On October 20, 2008, Medtronic sent out a press release marking World Osteoporosis Day by announcing that over 500,000 vertebral compression fractures (VCF) have been treated worldwide with balloon kyphoplasty since 2000. VCF treatment, however, is evolving rapidly and ten years from now, in 2019, Medtronic’s VCF press release could look very different.  Based on PearlDiver research and a survey of new VCF products, we believe that a new era of VCF treatment is coming. This new era, we think, will be marked by preventative treatments, controlled fracture reduction, and improved control over viscosity in bone cements. Lastly, could Amgen impact the VCF market with two semi-annual injections?

Expandable Devices, Controlled Fracture Reduction, and Cement Viscosity in Treating VCFs

The future treatment of vertebral compression fractures will likely be different from today’s standard of care. The goal of reducing or eliminating pain and stabilizing the vertebral body will remain the same. However, this will be accomplished by new technologies focused on correcting drawbacks and complications associated with current treatments. Beyond this, we believe that orthopedic and pharmaceutical companies may collaborate to provide fracture repair technology and prophylactic treatments aimed at preventing additional VCFs. Finally, there will be continued focus on reducing the incidence of adjacent level factures. Table 1 displays current VCF treatments by site of care, region of the spine, and level(s) treated.

Table 1: VCF Treatment by Site of Care and Levels Treated

Site of Care	Vertebroplasty		Kyphoplasty
	Thoracic	Lumbar	Thoracic	Lumbar
Office	10.0%	9.5%	1.2%	0.7%
Inpatient Hospital	26.4%	30.1%	46.7%	46.2%
Outpatient Hospital	59.5%	56.6%	50.4%	50.8%
Ambulatory Surgical Center	4.0%	3.8%	1.6%	2.3%
Levels Treated	Vertebroplasty		Kyphoplasty
	Thoracic	Lumbar	Thoracic	Lumbar
Single Level	70.3%	78.7%	68.2%	79.8%
% Coded as Multiple Level	29.7%	21.3%	31.8%	20.2%

Source: PearlDiver Patient Records Database (2004-2007)

Spine Wave: “Stacking” Up to Treat VCFs - StaXx FX Structural Kyphoplasty System

Everyone likes PEZ candy! Why? It’s because of the cool dispensers with our favorite characters on them. Candy aside, this dispenser looks pretty sweet!

The Spine Wave, Inc. StaXx system was designed to treat VCFs in a minimally invasive fashion as an alternative to traditional vertebroplasty and kyphoplasty. The device is designed to allow for controlled fracture reduction in 1mm increments. The company cites the following benefits:

• No intra-operative reduction loss
• Controlled vertical expansion in 1mm increments
• Barrier to posterior extravasation
• Reduced bone cement volume

Figure 1: StaXx FX

Source:http://www.spinewave.com/products/fx_us.html

The device is composed of stackable, 1mm PEEK wafers, which are inserted into the vertebral body one at a time in order to provide for the appropriate height restoration. The system is designed to be used with PMMA cement. Will this technology take market share from the established players? Investors think so. Spine Wave closed a series D round of financing to the tune of $45 million in April 2007.

Regulatory Status

Outside U.S. (OUS): The device is indicated for use in the treatment of vertebral compression fractures and bears the CE mark.

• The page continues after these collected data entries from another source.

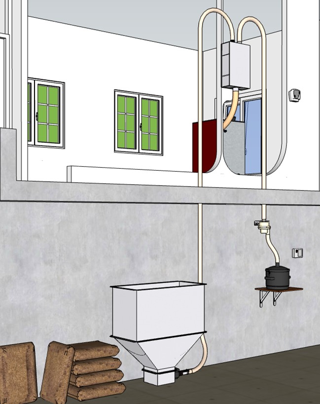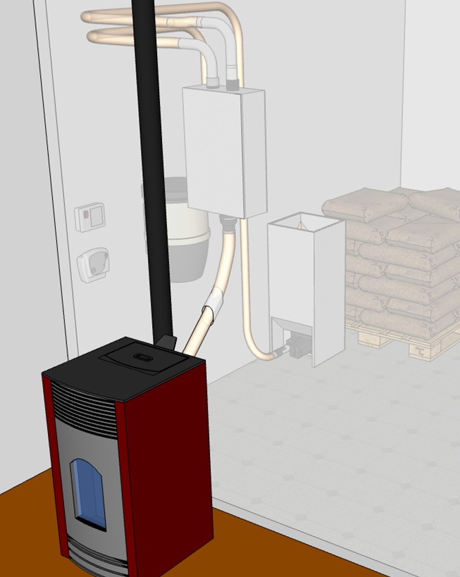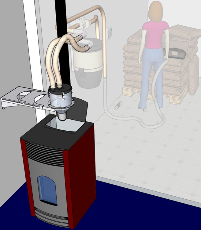 Celui-ci place le flexible dans la trémie du poêle et met en route le système à partir du lieu de stockage du combustible.
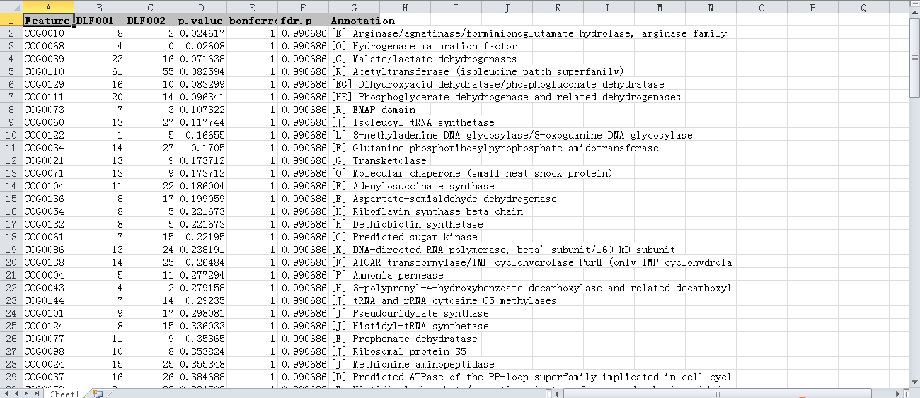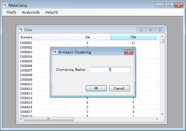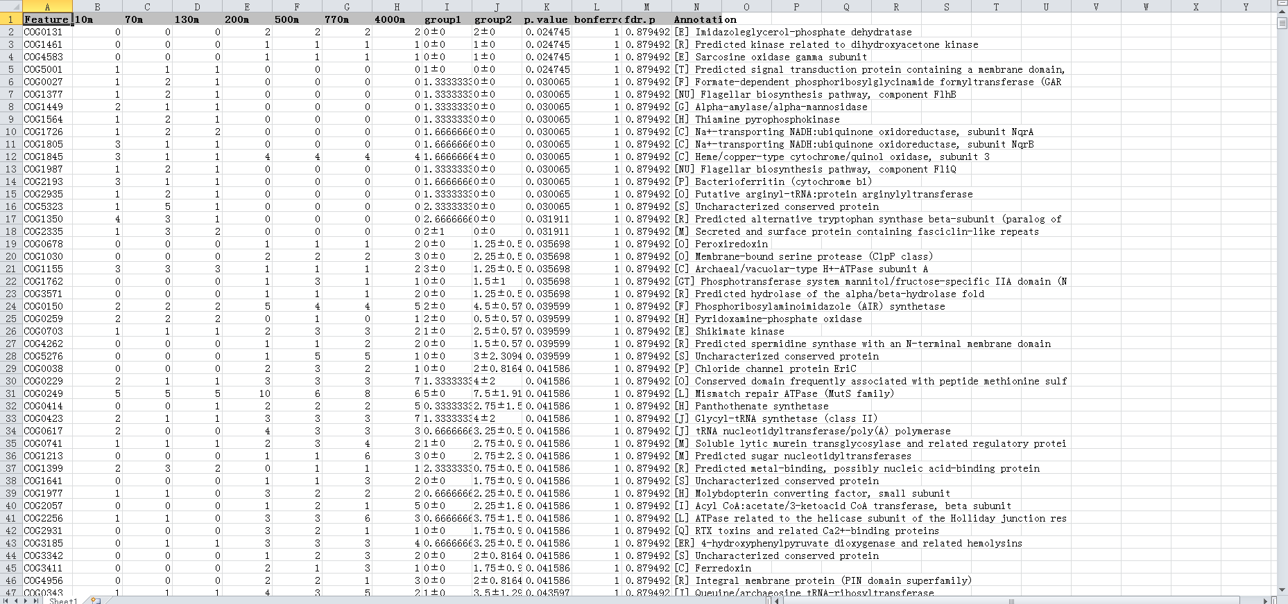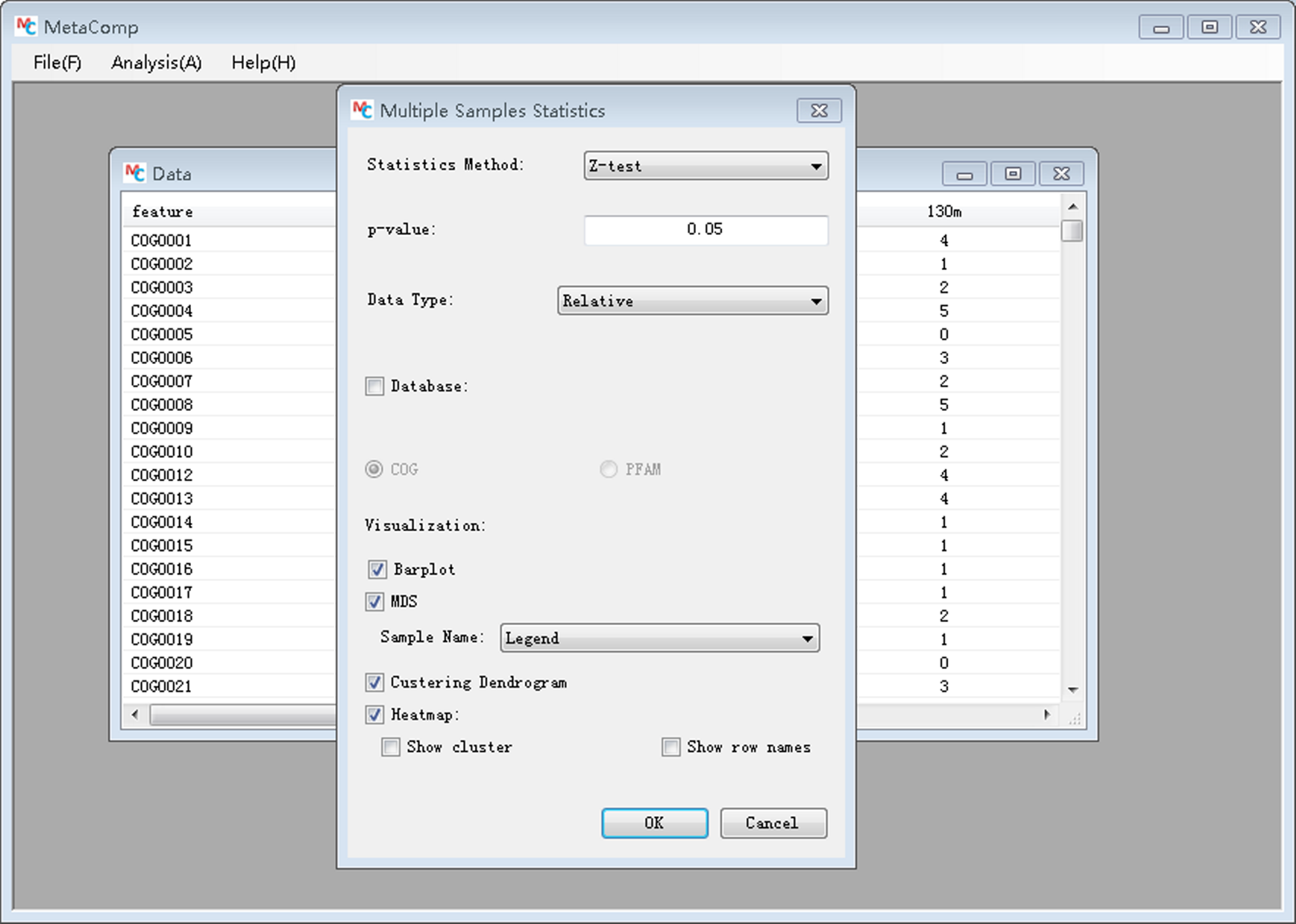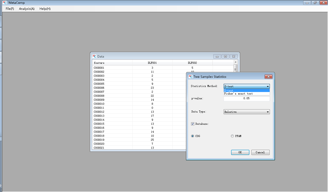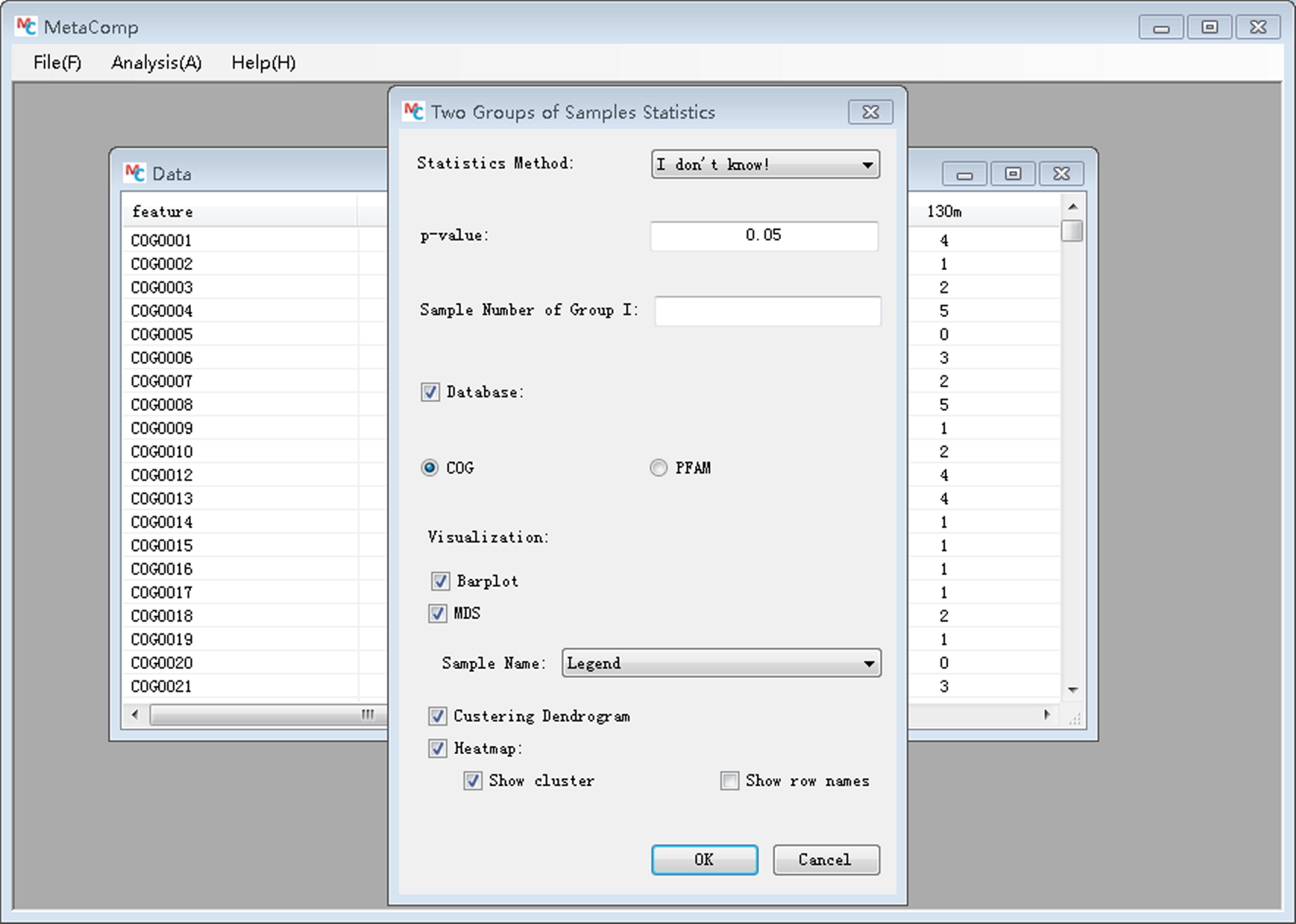 To analyze two group of samples, click on theTwo group of samples Statisticdialog inAnalysismenu. In this dialog, you can choose a favorable statistical test, group number andp-value. Meanwhile, you can chooseI do not knowoption inStatistics Methodcombo box while you do not know which method is the most suitable statistics test according to you input profile. Also, you can choose the database you require if the feature in your profile is Pfam or COG database.(Figure 36-38)
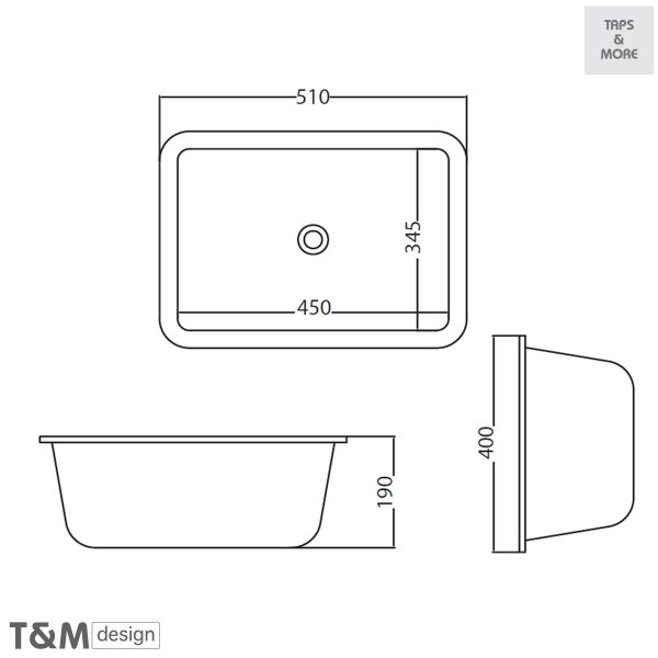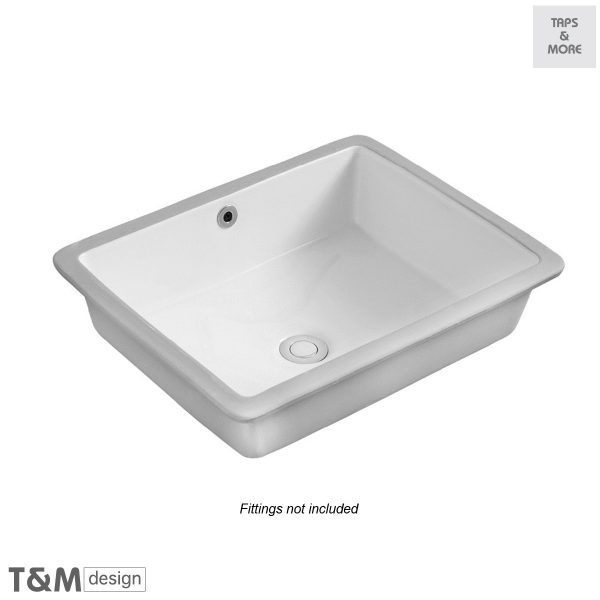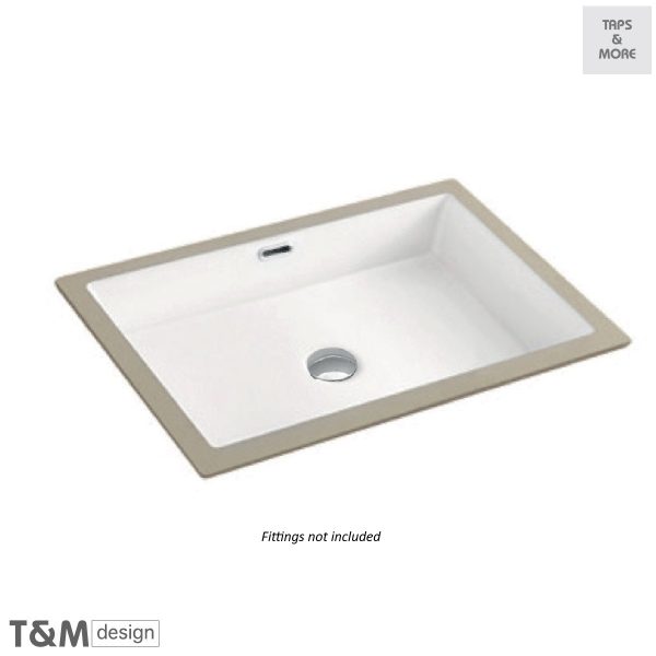T&M DESIGN Undercounter washbasin with overflow hole Size: 515 x 385 x 200 mm outside 455 x 325 mm inside – Recta

U.S.: The device is indicated for use in the treatment of vertebral compression fractures and was FDA approved in April 2007.

Alphatec Spine: Innovating for the Aging Spine Patient

Alphatec Spine has reinvented itself to serve what we believe will be, perhaps, the largest market in spine in the coming two decade. This market is the aging spine, which are patients 65 years of age and older. Innovative products that effectively treat patients with spine disorders who have osteoporosis will be a key component of Alphatec’s aging spine portfolio. The strategy is working, as we believe revenues will grow to nearly $100 million in 2008, or 22% year-over-year.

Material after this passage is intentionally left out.